IAlibay · 2025-10-24T12:57:47Z

feflow/protocols/nonequilibrium_cycling.py

-        all_openff_mols = list(
-            chain(all_alchemical_mols.values(), common_small_mols.values())
-        )
-        self._assign_openff_partial_charges(


If you don't assign partial charges at this point, you'll end up with bad things happening - i.e. variable partial charges everywhere being assigned with the wrong partial charge method.

IAlibay · 2025-10-24T13:09:05Z

feflow/protocols/nonequilibrium_cycling.py

        try:
            # Minimize
            openmm.LocalEnergyMinimizer.minimize(context)
+            # Optionally store minimized topology -- Mostly for debugging purposes


why not always store it?

Solved in 2896683

IAlibay · 2025-10-24T13:10:42Z

feflow/protocols/nonequilibrium_cycling.py

        # This can be populated however we want
        return outputs
+
+    # TODO: Maybe this could be a utility function. Is this something protocol-specific?


It's mostly specific to this Protocol - also this should go in the Protocol validate method.

IAlibay · 2025-10-24T13:14:52Z

feflow/tests/test_nonequilibrium_cycling.py

        # print(f"Free energy = {fe_estimate} +/- {fe_error}") # DEBUG

+    @pytest.mark.skip(
+        reason="Ambertools failing to parameterize. Review when we have full nagl."


There should be no reason why ambertools fails to generate charges for toluene.. this seems to be a bug not something that should wait for replacement.

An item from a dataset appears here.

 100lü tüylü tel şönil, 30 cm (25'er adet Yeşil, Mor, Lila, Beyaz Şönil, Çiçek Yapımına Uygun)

This was probably due to some hiccups in ambertools and openmmforcefields at the time, I have to check again if this is the case. I remember at the time this was independent of our code base, and more related to some things not getting solved correctly in the environment. Something to revisit now

The errors that I'm getting locally are partially as follows:

sh: symbol lookup error: sh: undefined symbol: rl_print_keybinding /home/user/miniforge3/envs/feflow-dev/bin/wrapped_progs/antechamber: Fatal Error! Cannot properly run "/home/user/miniforge3/envs/feflow-dev/bin/bondtype -j full -i ANTECHAMBER_BOND_TYPE.AC0 -o ANTECHAMBER_BOND_TYPE.AC -f ac".

and

ValueError: No registered toolkits can provide the capability "assign_partial_charges" for args "()" and kwargs "{'molecule': Molecule with name 'toluene' and SMILES '[H][c]1[c]([H])[c]([H])[c]([C]([H])([H])[H])[c]([H])[c]1[H]', 'partial_charge_method': 'am1bcc', 'use_conformers': [<Quantity([[ ...

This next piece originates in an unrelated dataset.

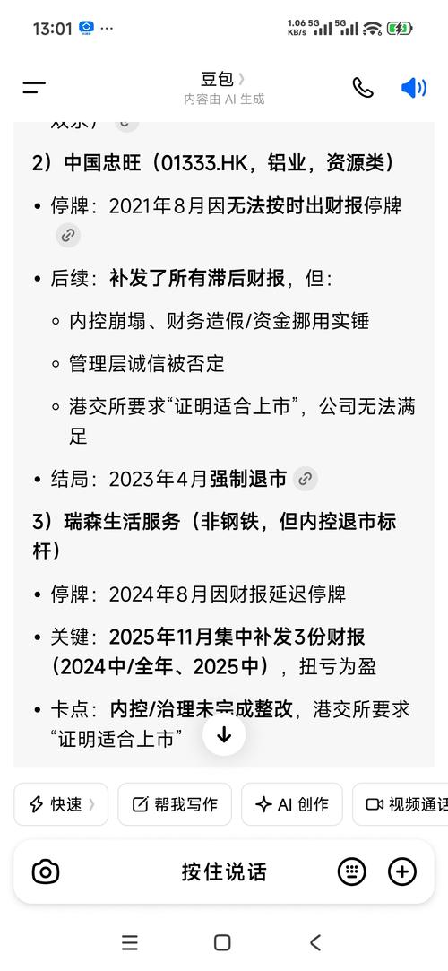深度价值投资+周期左侧埋伏+耐心持有型逆向投资 金川国际复牌前还剩下哪些手续? 法证、财报、审计全部通关,历史利空彻底出清 仅剩:内控最终报告签发→提交复牌申请→港交所快速审核 最优复牌时点:4月底/5月初内控落地→尽快方式:5/6月正式复牌,完美匹配当前伦铜13010、伦钴55950高位,存货重估+产能+周期三重利好最大化 无其他额外合规障碍、无债务/诉讼/资产冻结遗留问题.

It could point to something not getting resolved correctly in the environment (maybe due to badly specified dependencies elsewhere/upstream). But not entirely sure what's triggering this one, it just don't seem to be related to our code base as far as I can tell.

Hmm, looks like an issue with linking to the right readline library, we have some code paths that test this so I think it is more likely an issue with this env.

ValueError: No registered toolkits can provide the capability "assign_partial_charges"

openff will throw this error if there are errors when using ambertools -- do you get these errors locally and on CI?

IAlibay · 2025-10-24T13:19:01Z

feflow/protocols/nonequilibrium_cycling.py

+
+        # Generate and register FF parameters in the system generator template
+        all_openff_mols = [comp.to_openff() for comp in all_small_mols]
+        register_ff_parameters_template(


Doing this and then using a different set of offmols elsewhere (with different partial charges) is a bad hack imho - because if either the templating behaviour changes or anything else ends up needing partial charges that doesn't go through templates you'll end up with a bunch of offmols downstream that have the wrrong thing.

I would strongly suggest generating the offmols & charge them ahead of them and keep them around.

My hope here was that registering the parameters/template in the cache was enough when these were encountered again in the future. Instead of having to keep track of some new offmols around.

My concern was the same, if we keep the offmols around, there's a risk we change something in some of them and not the others (or change the offmol but not the component of origin) and we would also have undesired behavior.

I agree that either way can lead to this, but my idea was having to avoid having offmols around and always sourcing things from the original components from the input, as possible. Is there a reason to believe my implementation is not achieving that? I'm not using this all_openff_mols at all after this, maybe we could just use the list comprehension directly in the register_ff_parameters_template to avoid having them around?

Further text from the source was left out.